“I went to the parlor door, and said: ‘Mrs. Surratt, will you step here a minute?’ She came out, and I asked her: ‘Do you know this man, and did you hire him to come and dig a gutter for you?’ She answered,raising her right hand; ‘Before God, sir, I do not know this man, I have never seen him, and I did not hire him to dig a gutter for me.’—Assassination of Lincoln, p. 122.
But it was proved after, by several unimpeachable witnesses, that she knew very well that Payne was a personal friend of her son, who, many times, had come to her house, in company of his friend and pet, Booth. She had received the communion just two or three days before that public perjury. Just a moment after making it, the officer ordered her to step out into the carriage. Before doing it, she asked permission to kneel down and pray; which was granted (page 123.)
I ask it from any man of common sense, could Jeff Davis have imparted such a religious calm, and self-possession to that woman, when her hands were just reddened with the blood of the President, and she was on her way to trial!
No! such sang froid, such calm in that soul, in such a terrible and solemn hour, could only come from the teachings of those Jesuits who, for more than six months, were in her house, showing her a crown of eternal glory, if she would help to kill the monster apostate—Lincoln—the only cause of that horrible civil war! There is not the least doubt that the priests had perfectly succeeded in persuading Mary Surratt and Booth that the killing of Lincoln was a most holy and deserving work, for which God had an eternal reward in store.

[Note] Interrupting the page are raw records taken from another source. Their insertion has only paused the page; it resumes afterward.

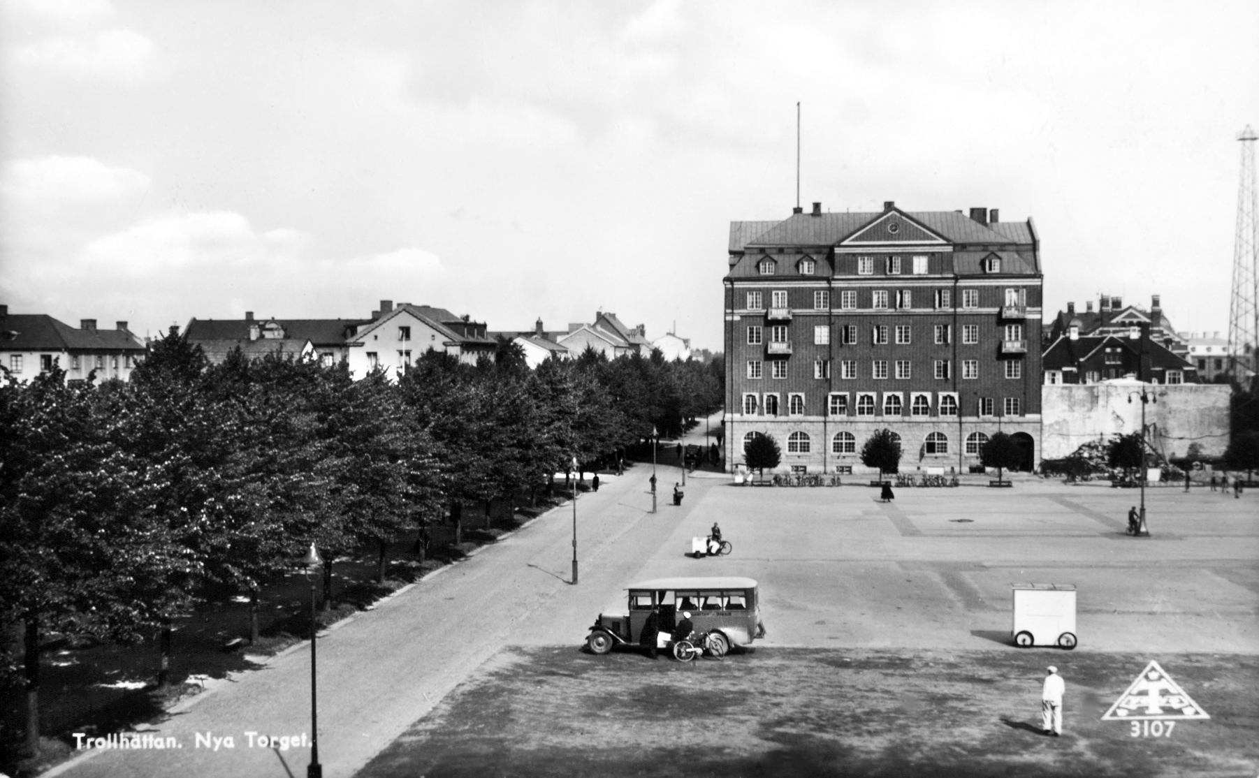 Here was first an inn which in 1869 was replaced by the Grand Hotel. This was demolished in 1913 to make room for a city hall that would be ready when Trollhättan received city rights, which happened in 1916. Then the market trade also moved from Karl-Johan's square to the newly built Drottningtorget.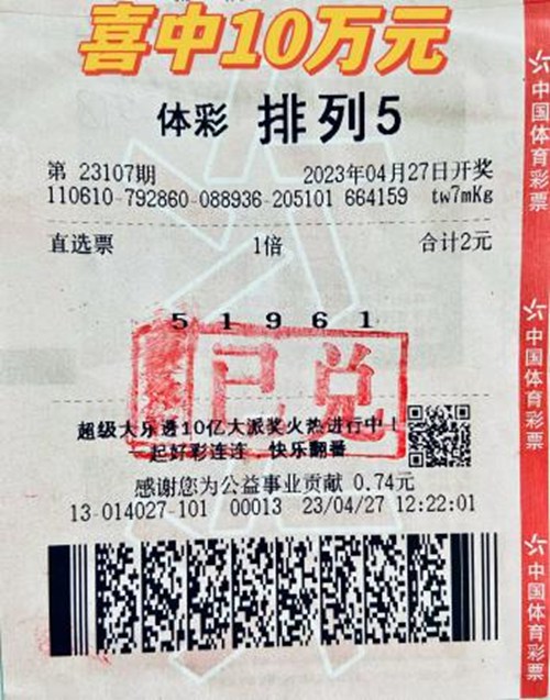 体彩排列5第23107期开奖,中奖号码是“5、1、9、6、1”,宝鸡购彩者杜先生(化姓)中得1注10万元大奖。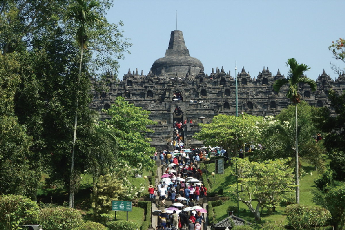 インドネシアのジャワ島中央部、火山に囲まれたケドゥ盆地に位置する“世界最大の大乗仏教遺跡”。密林の奧に眠っていた同遺跡は、シャイレーンドラ朝時代の760〜850年に建立され、仏教における宇宙観を示す立体曼荼羅だと考えられています。回廊内の壁には、仏陀の生涯やインドの説話が1460面に渡って描かれ、周囲に並ぶ仏像や釣鐘型卒塔婆(ストゥーパ)も必見です。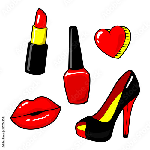 Red Kiss Lips Nail Polish Lipstick Heart Women S Shoe High Heel by stock.adobe.com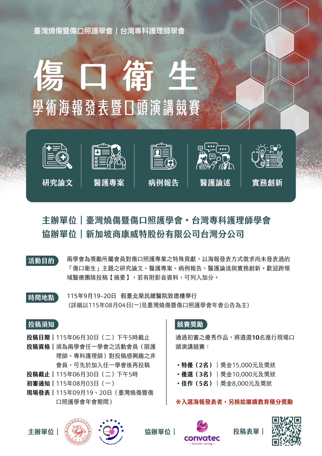 現場發表:115 年 09 月 19、20 日(臺灣燒傷暨傷口照護學會年會期間)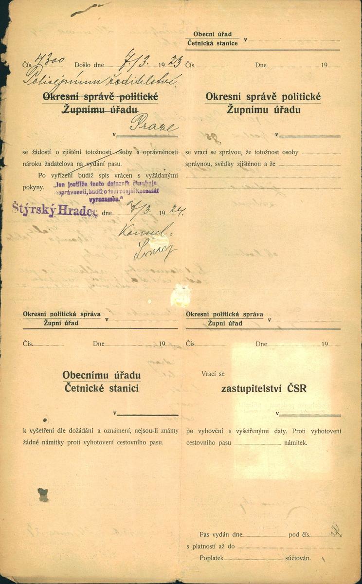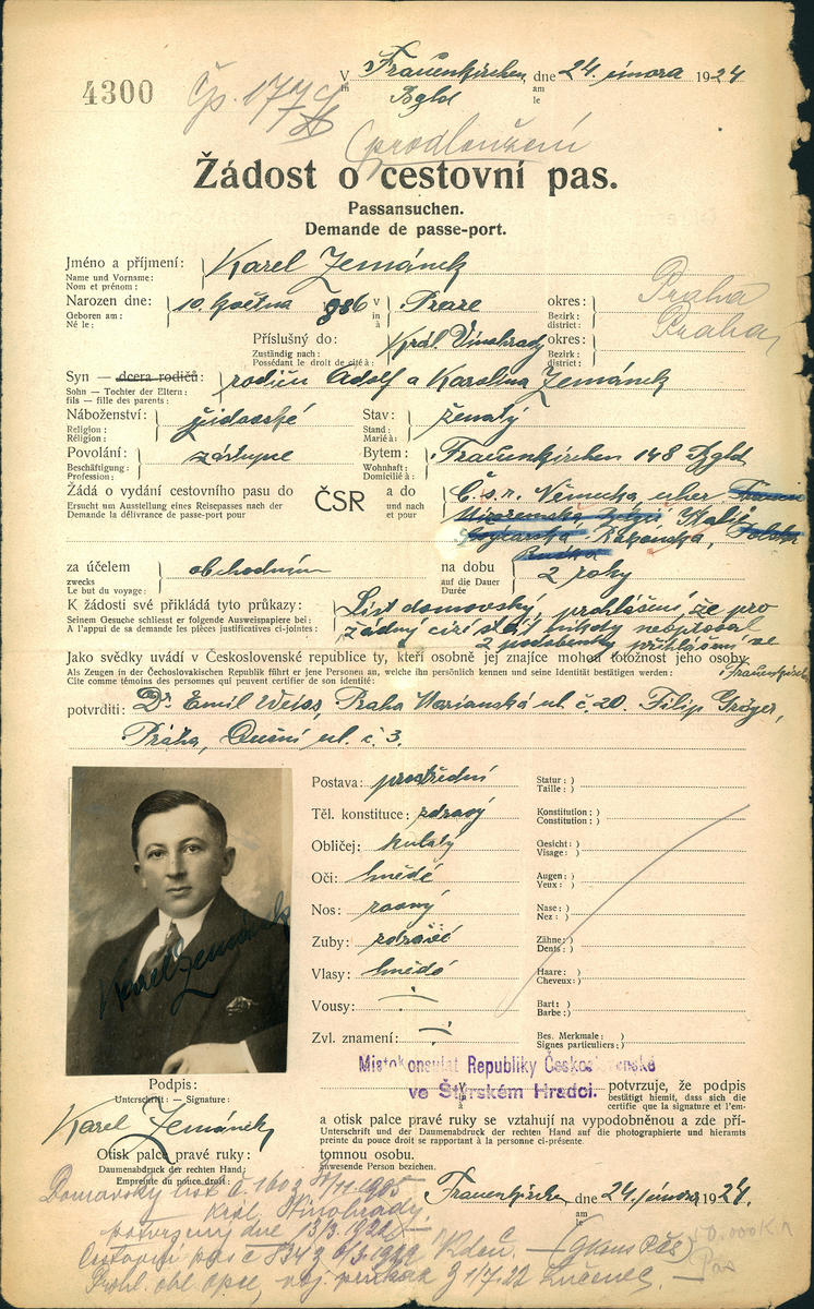 Zemánek Karel: Žádost o vydání cestovního pasu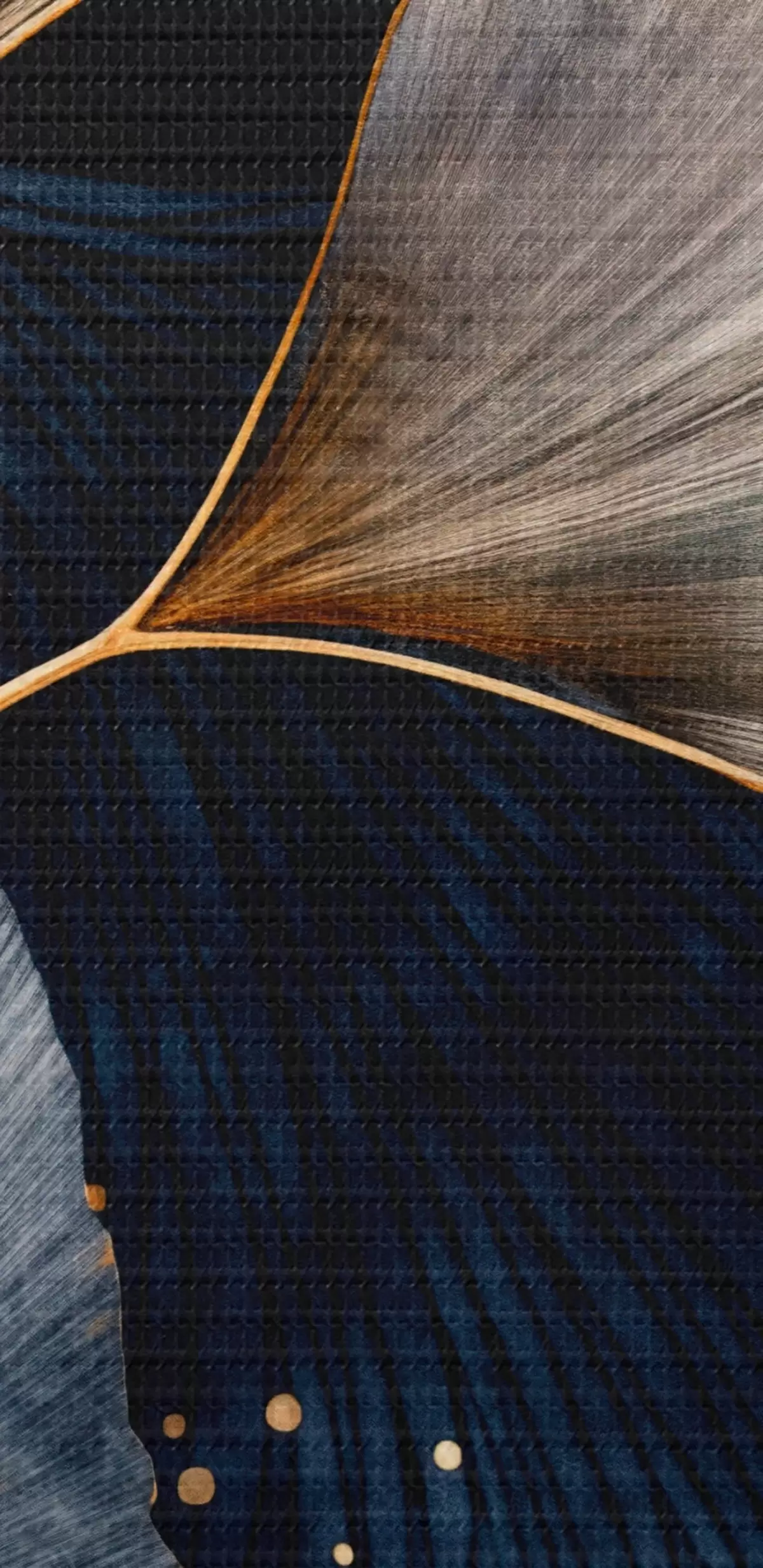 Quadri Foglie di ginkgo nei toni del giallo e del blu, elegante sfondo scuro, arte moderna, stile minimalista, ispirato alla natura Nr s44921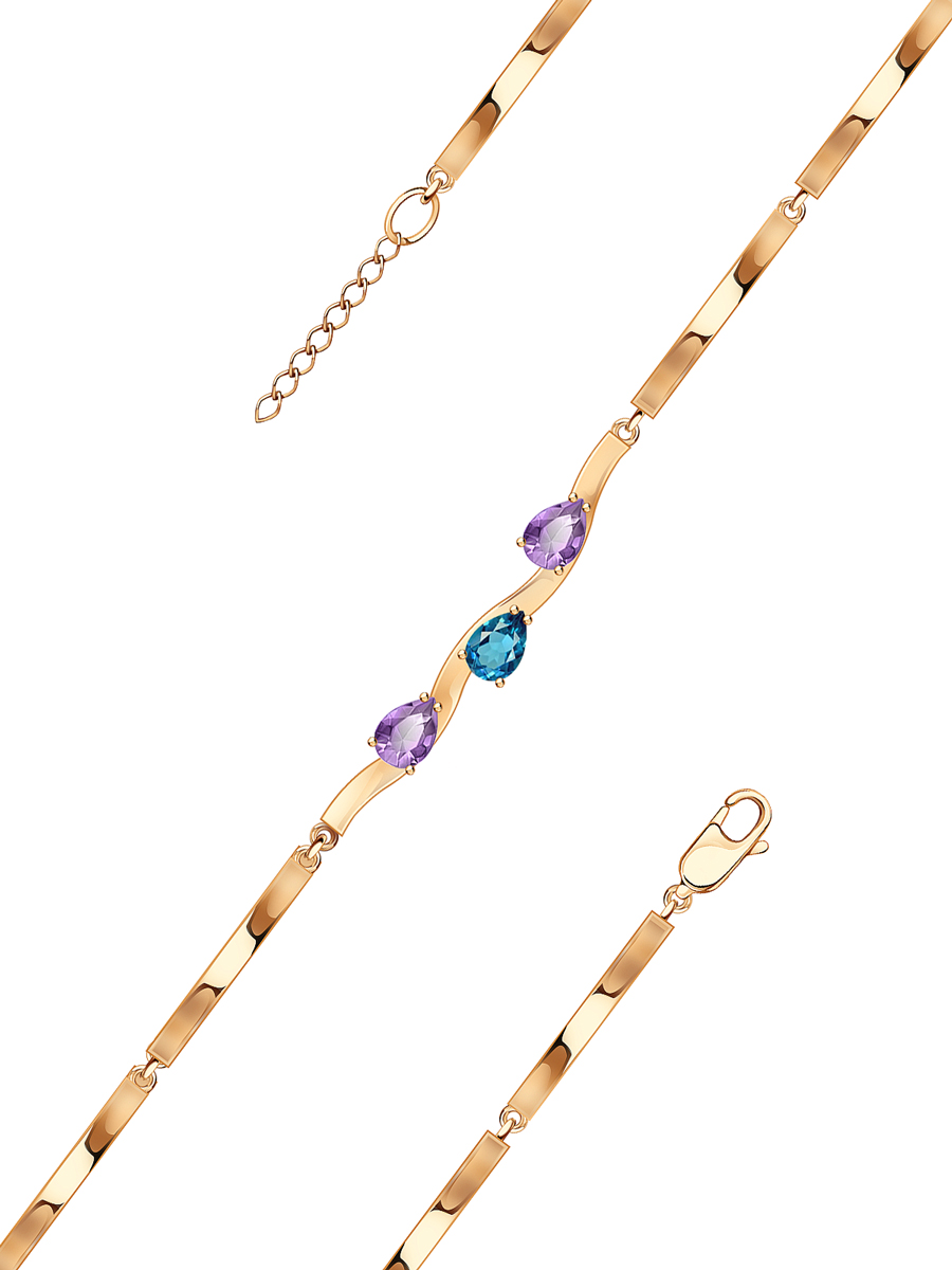Браслет 7101577-00900 Au 585 (2020229218541(2 Амет. груша 6,00*4,00 0,74 ct ,1 Топ. груша 6,00*4,00 0,47 ct))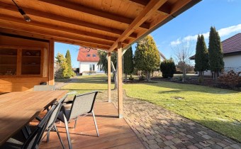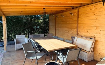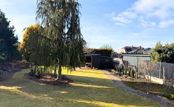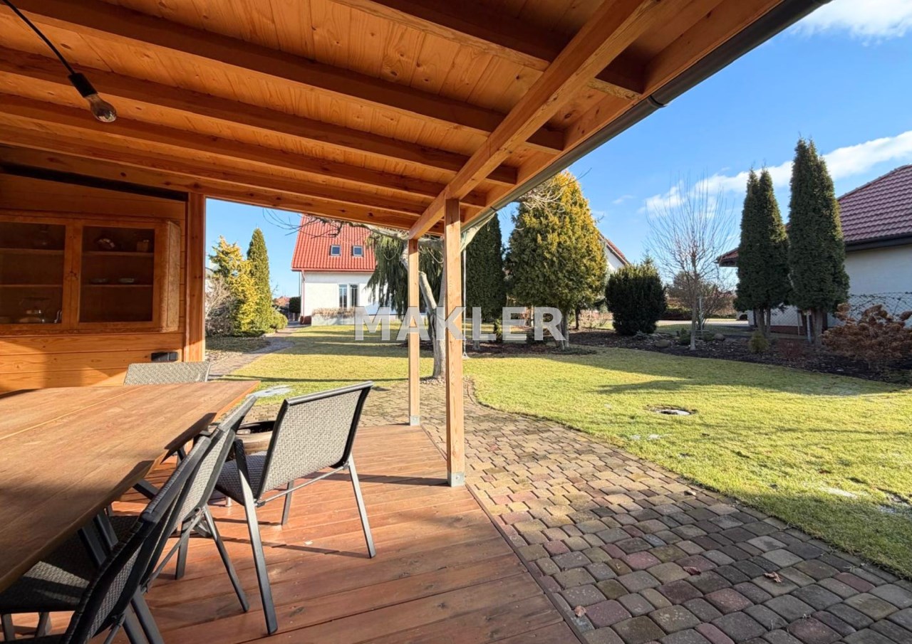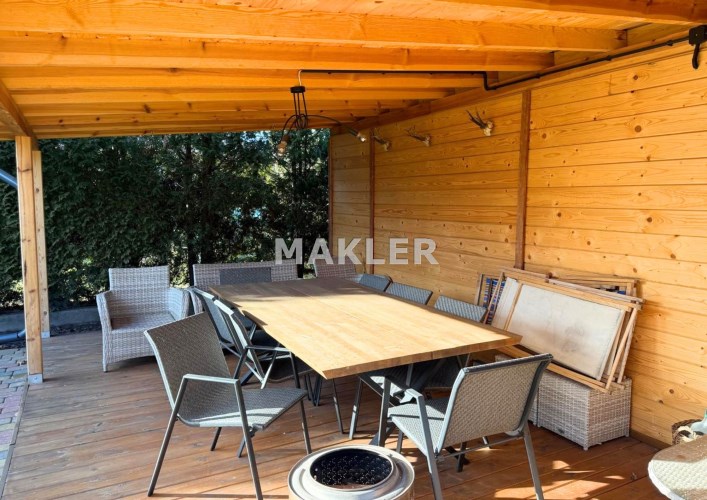 Na terenie posesji znajduje się drewniany domek gospodarczy (ok. 15 m²), kryty blachą trapezową, z zadaszonym tarasem – idealny do grillowania i spotkań rodzinnych.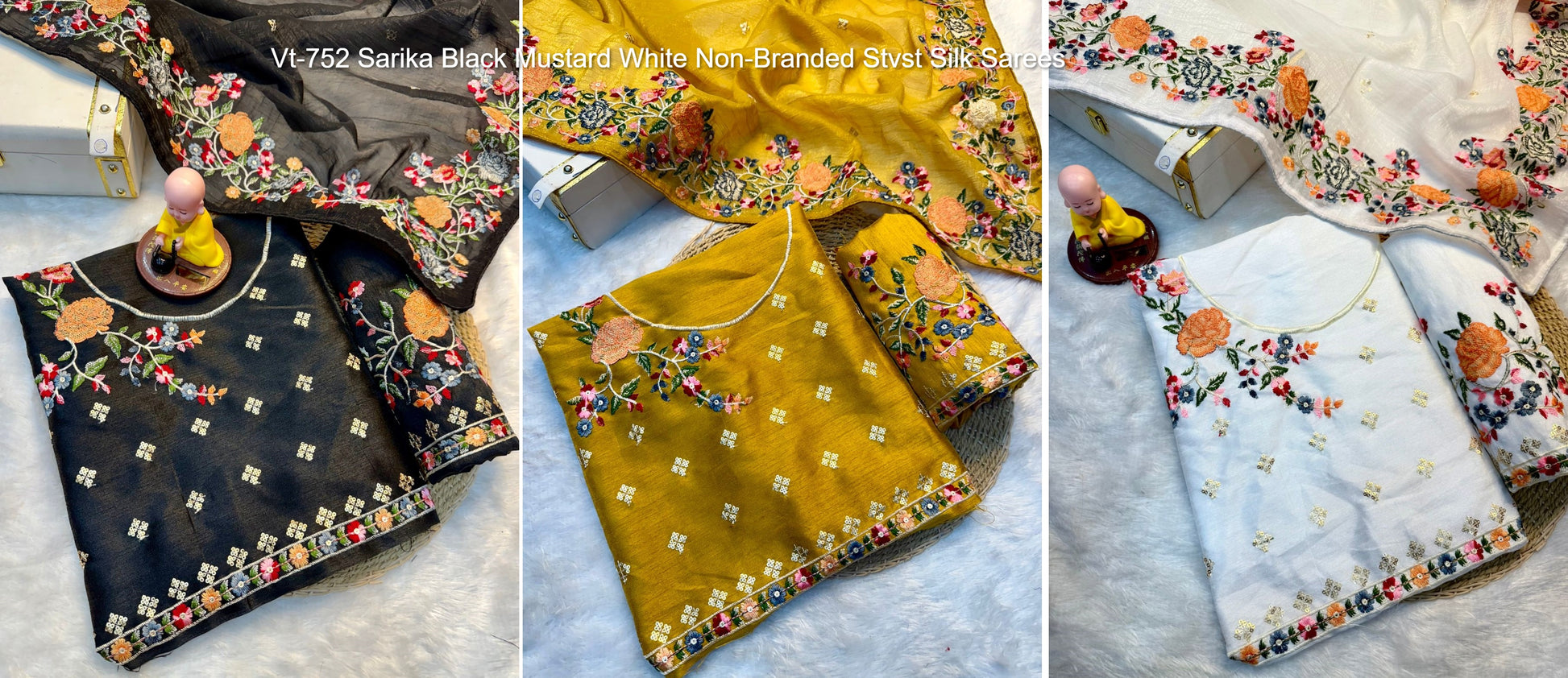 - Vt-752 Sarika Black Mustard White Non-Branded Stvst Silk Sarees Dealer Ahmedabad Surat Wholesale Gujarat India Lowest Price Best Quality Buy Purchase Shipping Kurta Salwaar Kameez Also free Cash on delivery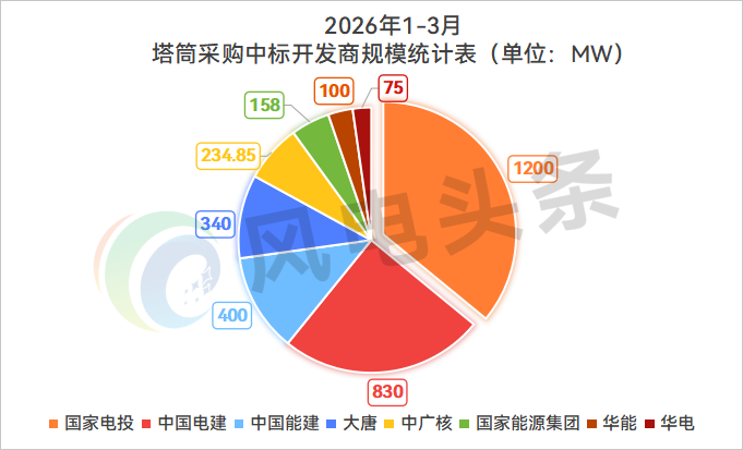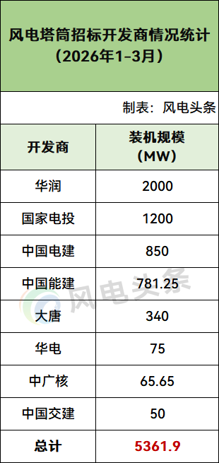 从开发商角度来看,2026年1-3月塔筒采购中标开发商分别是国家电投、中国电建、中国能建、大唐、中广核、国家能源集团、华能、华电8家大型央企。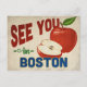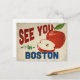 Una encantadora postal de viaje vintage de Boston Massachusetts con una hermosa manzana roja, junto con un divertido texto de estilo retro que dice, "Nos vemos en Boston"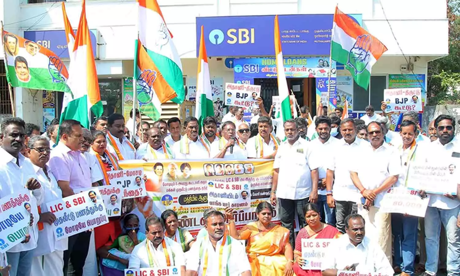 எல்.ஐ.சி. மற்றும் எஸ்.பி.ஐ. வங்கியில் ஒரு லட்சத்து 13, 000 ஆயிரம் கோடி பொதுமக்களின் பணத்தை ஏமாற்றி அதானிக்கு முதலீடு செய்ய உறுதுணையாக இருந்த மோடி அரசை பதிவி விலகக் கோரி புதுவை முதலியார்பேட்டை எஸ்.பி.ஐ. வங்கி முன் மத்திய மாவட்ட காங்கிரஸ் தலைவர் கோபி என்ற கோபாலமூர்த்தி தலைமையில் கண்டன ஆர்ப்பாட்டம் நடைபெற்றது. இந்த ஆர்ப்பாட்டத்தில் முன்னாள் முதல்-அமைச்சர் நாராயணசாமி காங்கிரஸ் கட்சி தலைவர் ஏ.வி.சுப்பிரமணியன், வைத்தியநாதன் எம்.எல்.ஏ. முன்னாள் அமைச்சர் கந்தசாமி, முன்னாள் அரசு கொறடா அனந்தராமன் மற்றும் காங்கிரஸ் நிர்வாகிகள் கலந்து கொண்டனர்.

There is a fact to which the American people have not yet given a sufficient attention. It is, that, without a single exception, the conspirators were Roman Catholics. The learned and great patriot, General Baker, in his admirable report, struck and bewildered by that strange, mysterious and portentous fact, said:
“I mention, as an exceptional and remarkable fact, that every conspirator in custody, is, by education, a Catholic.”
But those words which, if well understood by the United States, would have thrown so much light on the true causes of their untold and unspeakable disasters, fell as if on the ears of deaf men. Very few, if any, paid attention to them. As General Baker says, all the conspirators were attending Catholic Church services, and were educated Roman Catholics. It is true that some of them, as Atzeroth, Payne and Harold, asked for Protestant ministers, when they were to be hung. But they had been considered, till then, as converts to Romanism. At page 436, of The Trial of John Surratt, Louis Weichman tells us that he was going to St. Aloysin’s Church with Atzeroth, and that it was there that he introduced him to Mr. Brothy (another Roman Catholic).
It is a well authenticated fact, that Booth and Weichman, who were themselves Protestant perverts to Romanism, had proselytized a good number of semi-Protestants and infidels who, either from conviction, or from hope of the fortunes promised to the successful murderers, were themselves very zealous for the Church of Rome. Payne, Atzeroth and Harold were among those proselytes. But when those murderers were to appear before the country, and receive the just punishment of their crime, the Jesuits were too shrewd to ignore that if they were all coming on the scaffold as Roman Catholics, and accompanied by their father confessors, it would, at once, open the eyes of the American people, and clearly show that this was a Roman Catholic plot. They persuaded three of their proselytes to avail themselves of the theological principles of the Church of Rome, that a man is allowed to conceal his religion, nay, that he may say that he is an heretic, a Protestant, though he is a Roman Catholic, when it is for his own interest or the best interests of his church to conceal the truth and deceive the people. Here is the doctrine of Rome on that subject:
“Soepe melius est ad dei honorem, et utiliatatem proximi, tegere fidem quam frateri, ut si latens inter herticos, plus boni facis; vel si ex confessione fidei, plus mali sequeretur, verbi gratia turbatio, neces, exacerbotio tyrannis.”—Ligouri Theologia, b. ii., chap. iii., p. 6.
“It is often more to the glory of God and the good of our neighbor to conceal our religious faith, as when we live among heretics, we can more easily do them good in that way; or if by declaring our religion, we cause some disturbances, or deaths, or even the wrath of the tyrant.”